Arti Mujahir dalam Islam
Mujahir adalah salah satu dosa yang tidak akan diampuni oleh Allah selain syirik. Hal ini dijelaskan dalam hadits sahih mutafaq alaih yang diriwayatkan Imam Al Bukhari dan Muslim. Dari Abu Hurairah, Rasulullah SAW bersabda:
كل أُمتي مُعَافًى إلا المُجاهرين …
Artinya: “Setiap umatku akan mendapat ampunan, kecuali mujahirin.”
Syaikh Salim bin Ied Al Hilali dalam buku Syarah Riyadhush Shalihin Jilid 4 (2005) menjelaskan bahwa arti mujahirin adalah orang-orang yang berbuat maksiat dan mengumumkannya dengan perasaan bangga.
Dalam hadits yang sama dijelaskan pula ciri dan tanda perbuatan mujahir. Seseorang telah melakukan mujahir apabila ia melakukan maksiat di malam hari dan Allah menutupi perbuatan tersebut. Lalu di pagi hari, dia menyingkap tabir Allah atas dirinya dengan berkata, "Wahai fulan, tadi malam aku melakukan ini dan itu."
Dari penjelasan di atas, dapat disimpulkan bahwa mujahir sama artinya dengan membuka aib sendiri dan merasa bangga atasnya.
Terang-terangan berbuat dosa atau membuka aib sendiri merupakan perbuatan maksiat di luar dosa yang dilakukan. Itu karena perbuatan tersebut mengandung sikap penentangan dan meremehkan keagungan Allah.
Di dalam sikap terang-terangan soal perbuatan dosa mengandung lima kejahatan sekaligus. Pertama adalah dosa yang telah dilakukan.

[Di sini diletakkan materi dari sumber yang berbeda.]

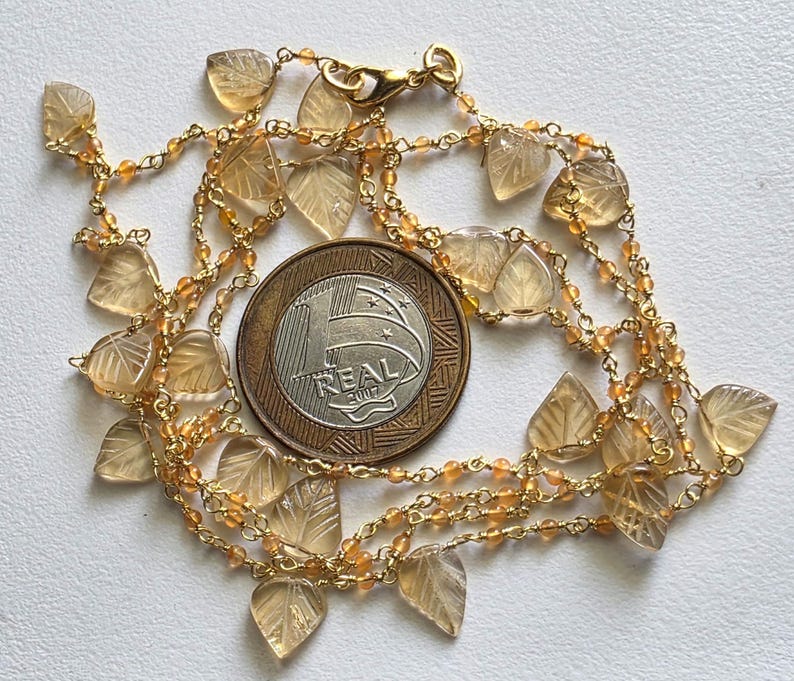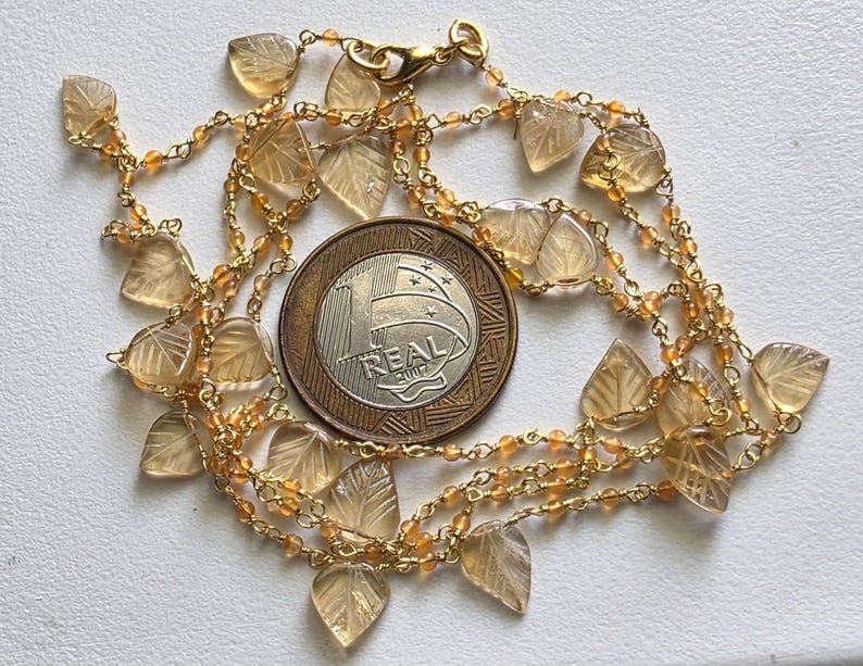 Citrine Faceted Rondelle 2mm & Leaf Carving 8-11mm Wire Wrapped Beaded Rosary Chain 925 Silver Gold Polish Citrine Rosary Chain Necklace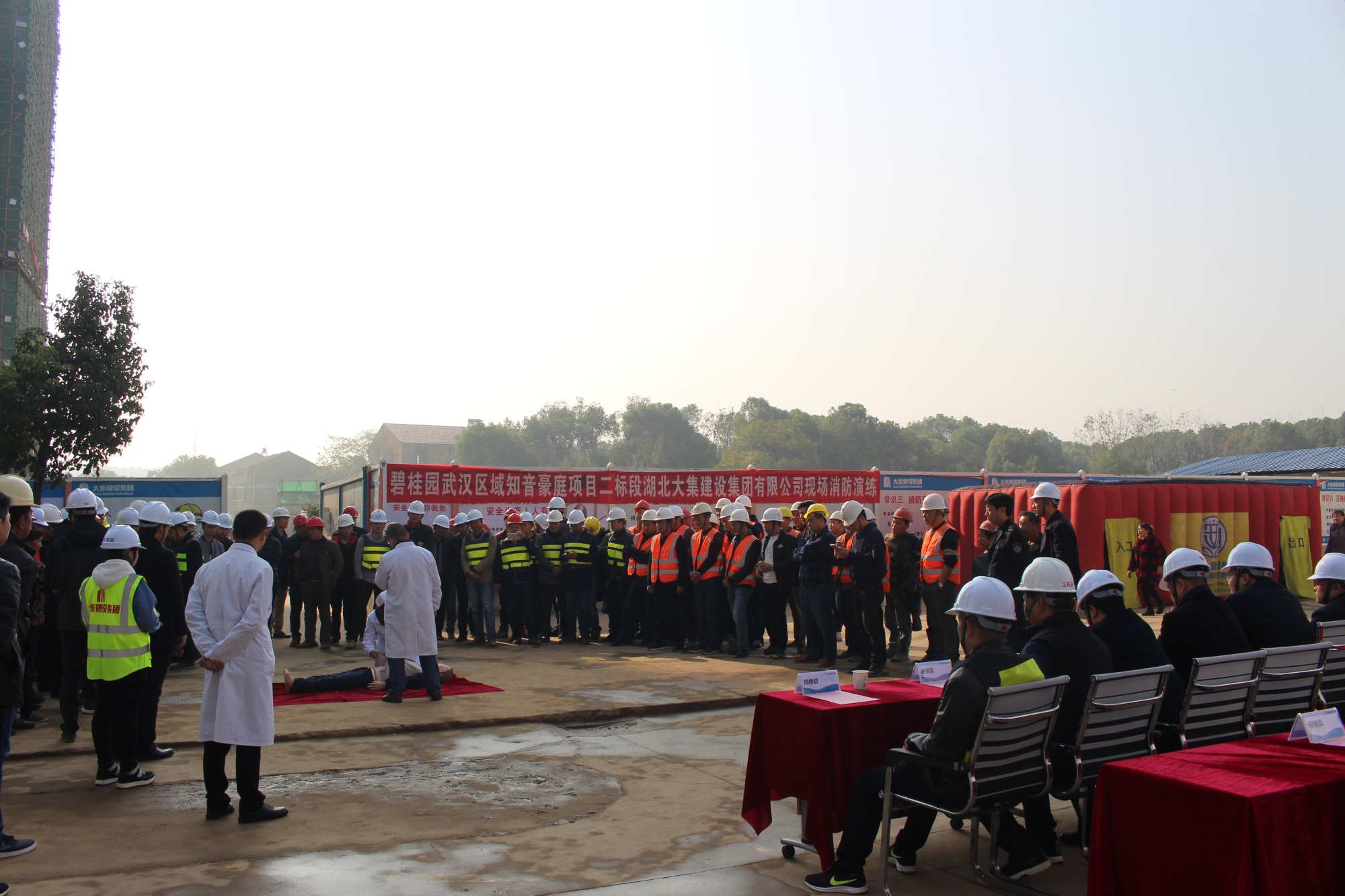蔡甸區(qū)建管站石進(jìn)洲書記、周波站長、范真科長、宋樹兵科長,蔡甸區(qū)大集街道周修超主任,碧桂園武漢區(qū)域漢口片區(qū)執(zhí)行總裁屈宇宏、武昌片區(qū)執(zhí)行副總裁鄢瑞林、工程管理部副總經(jīng)理葛志鵬、安全管理部副總經(jīng)理吳家應(yīng)、知音豪庭項(xiàng)目副總經(jīng)理馮俊林,湖北大集建設(shè)集團(tuán)副總經(jīng)理徐家富等出席參加了此次消防演習(xí)活動。
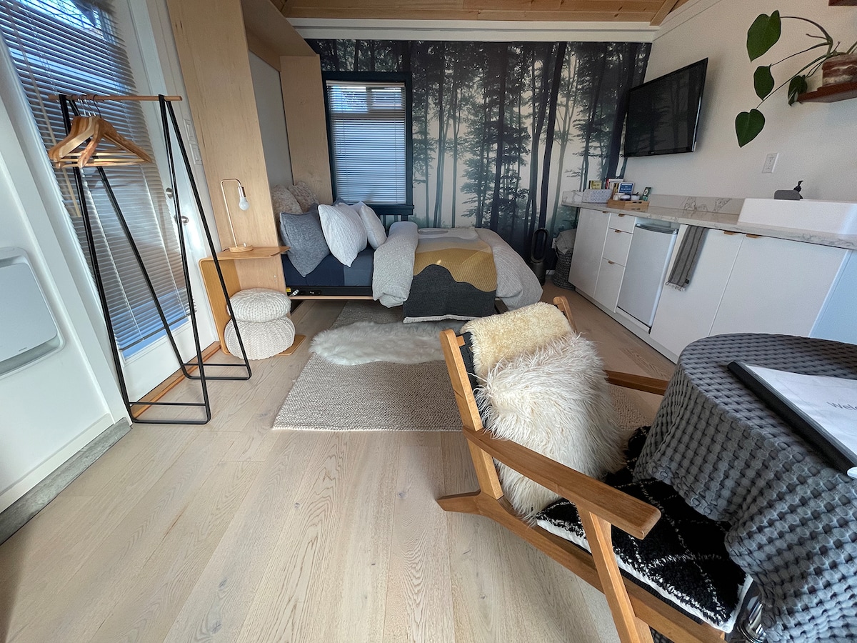 V tomto podkrovním domě na vás čeká moderní pohodlí a útulné kouzlo. Díky útulnému plynovému krbu ve stylu chaty a manželské posteli velikosti king je to ideální místo k odpočinku po dni stráveném objevováním! Tento samostatný dům má plně vybavenou kuchyň, soukromou terasu a moderní koupelnu s vanou. Nachází se hned vedle rušné Commercial Drive, jste jen pár kroků od nejlepších restaurací, barů a butiků ve Vancouveru. A Skytrain je jen 7 minut chůze. Těšíme se, až budeš naším hostem v místě, kde se moderní styl setkává s útulným teplem!

Kedua, menyebut-nyebut perbuatan dosa padahal Allah telah menutupinya.
Yang ketiga adalah menyia-nyiakan tabir atau pelindung yang Allah berikan. Keempat, menggerakkan keinginan untuk berbuat maksiat kepada orang yang dia perlihatkan. Dan yang kelima ialah menanamkan keinginan berbuat maksiat pada orang lain dan menggiringnya untuk melakukan kejahatan tersebut.
Dampak Perbuatan Mujahir
Dirangkum dari buku Kiat Membersihkan Hati dari Kotoran dan Maksiat oleh Ibn Qayyim al Jauzah (2008), perilaku mujahir dapat menyebabkan kerugian bagi manusia di dunia maupun akhirat. Berikut adalah kerugian dari berbuat dosa secara terang-terangan:
1. Mematikan hati
Dampak maksiat yang paling mengkhawatirkan adalah dimatikannya hati sehingga tidak ada keinginan untuk bertobat. Ciri tanda hati yang mati di antaranya bertobat kepada Allah, tetapi tobatnya hanya sebatas di lisan karena hati telah terikat kepada maksiat.
2. Merusak akal sehat
Dosa dapat merusak akal seorang Muslim. Dalam Islam, akal adalah cahaya, sedangkan maksiat memadamkan cahaya. Jika seseorang berbuat dosa, akalnya pasti telah tertutup dengan maksiat. Karena jika akalnya berfungsi, orang tersebut tidak akan melakukan maksiat karena takut akan Allah.
3. Mendapat sial
Di antara dampak maksiat adalah mendapat kehinaan dan kesialan selama di dunia. Apabila seseorang telah hina di hadapan Allah, maka tidak ada yang bisa memuliakannya. Hal ini dijelaskan dalam firman Allah pada Surat Al Hajj ayat 18.
4. Dilaknat Allah
Terang-terangan melakukan maksiat juga membuat pelakunya memandang remeh dosa. Ini merupakan tanda kebinasaan. Sebab, semakin remeh dosa dalam pandangan seorang hamba, semakin besar dosa tersebut menurut pandangan Allah. Perilaku mujahir juga merupakan ciri orang takabur yang dapat mendatangkan laknat Allah.